Intestinal organoid (StemCell Technologies Inc.)

20 December 2016. A Canadian biotechnology enterprise is licensing a technology that generates organoids, three-dimensional clusters of cells from stem cells that can form into gastrointestinal organs. Financial aspects of the licensing agreement between StemCell Technologies Inc. in Vancouver and Cincinnati Children’s Hospital in Ohio were not disclosed.

StemCell Technologies produces cell culture media and reagents for research in the life sciences. The company in recent years began expanding its work to stem cells used in regenerative medicine, particularly the transformation of pluripotent stem cells into organoids. Earlier this year, StemCell signed a licensing deal with the Institute of Molecular Biotechnology in Austria for organoids that simulate brain tissue.

Organoids offer advantages to researchers over two-dimensional cell models, in that they more closely resemble the complex nature and structure of whole organs, making them better options for drug testing.
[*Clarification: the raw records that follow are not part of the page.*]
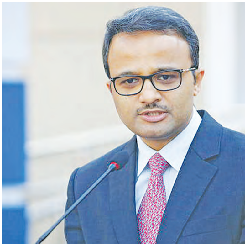
India's High Commissioner to Tanzania, Binaya Pradhan

Tanzania in July 2016 giving a significant boost to development cooperation.
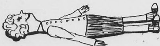
WHAT'S WRONG WITH HER? NO HOMEWORK!
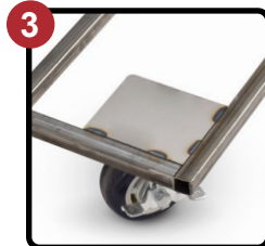
Tubular Welded Base Frame
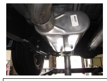
3. Install muffler #B onto headpipe 1.5" to 2" muffler should be level use clamp #E to secure together do not tighten.
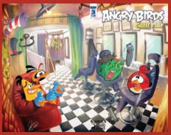
ARTWORK BY PHILIP MURPHY
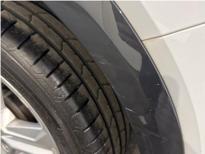
3: Qtr Panel Arch Extension ns Scratched (Painted) Over 25mm Thru Paint
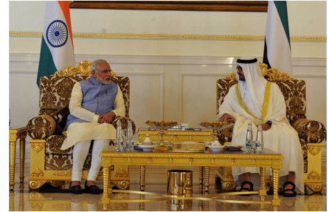
Prime Minister meets Crown Prince of Abu Dhabi

Prime Minister Shri Narendra Modi also visited ICAD residential city in Abu Dhabi and interacted with Indian workers. A longstanding wish of the Indian community to have a temple in Abu Dhabi was fulfilled with the announcement by the government of UAE to allot land for the purpose during the visit. He addressed Indian diaspora at Dubai International Cricket Stadium on August 17 where about 50,000 members of Indian community were present.
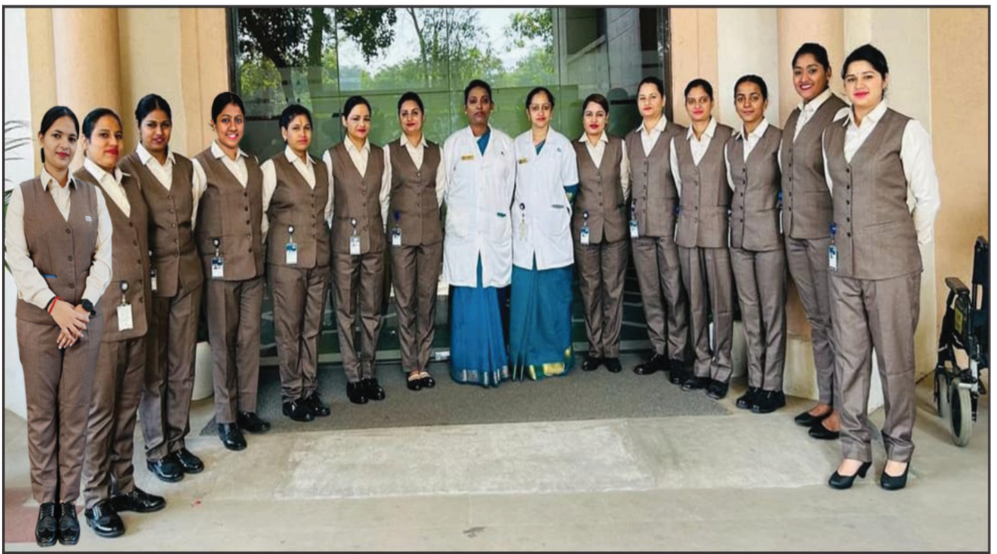
Faculty of School of Nursing
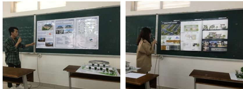
Figure 5: Student presentation exam report (Source: Author, 2019).
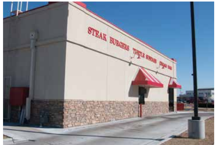
▲ Drive-thru lane features a two window pay then pick-up system
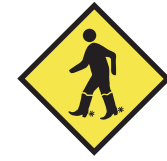
Figure G: Comparison of Pedestrian Fatalities per 100,000- Metropolitan Counties, Ages 55 and Older (2002-2005)
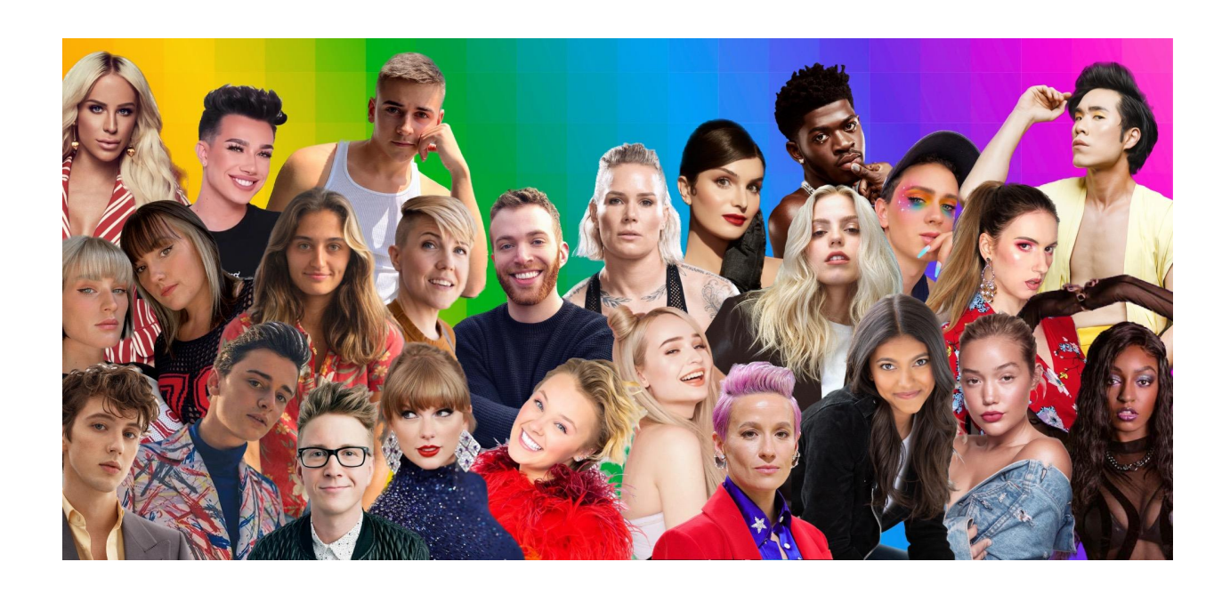
Figure 2 Collage of Queer Influencers and Celebrities Mentioned by Participants<sup>4</sup>

Queer content has an impact on individuals, communities, and the perception of popular stars or media. Social media can be extremely empowering for queer people. Participant 2 shared, "I'm following so many queer people on TikTok, and anytime I get on TikTok it feels like just a barrage of queerness...Just being able to see that representation feels very much like I'm at home. I feel safe. I feel warm." Participant 8 articulated that, for queer users, something as simple as putting a rainbow emoji in one's social media bio is like an "announcement to the world." Participants 5 and 13 agreed that coming out on social media quickly and impressively disseminates the information to one's social network and is like a permanent digital tattoo. Interestingly, participants 8 and 13 are single, so they cannot come out by posting a couple's
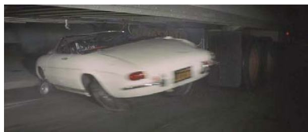
Figure 2: The main character tries to commit suicide by crashing into a lorry
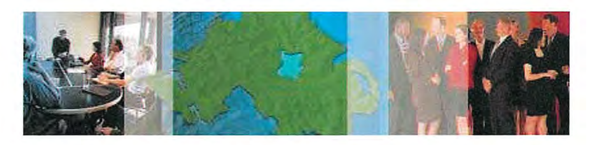
The Local Government Staff Commission for Northern Ireland

In addition, organoids can be produced in lab cultures rather than taking tissue samples in biopsies that require surgery. As reported recently in Science & Enterprise, in September researchers at UCLA developed organoids simulating lung tissue from adult pluripotent stem cells.

StemCell is licensing the technology developed by James Wells, director of the Pluripotent Stem Cell Center at Cincinnati Children’s Hospital who studies development of the endoderm, cells and tissue in the lining of the esophagus, stomach, and intestines as well as the lungs, pancreas, and liver. Research in Wells’s lab created functioning human intestinal tissue from pluripotent stem cells, to better understand birth defects leading to congenital gastrointestinal disorders. Wells and colleagues describe their development of organoids for gastrointestinal tissue in a 2014 article in the journal Nature.

The agreement gives StemCell Technologies an exclusive license to Wells’s technology to generate organoid cell models. StemCell is also expected to develop related cell culture media and tools from the license that enable scientists to produce organoids from pluripotent stem cells in their own labs. StemCell already offers a culturing medium that supports intestinal organoids.

“There is a tremendous opportunity,” says Wells in a Cincinnati Children’s statement, “to use these new organoid models for advancing studies in human development, as well as for applying them in many powerful applications such as disease modeling, drug screening, and for developing therapeutics.”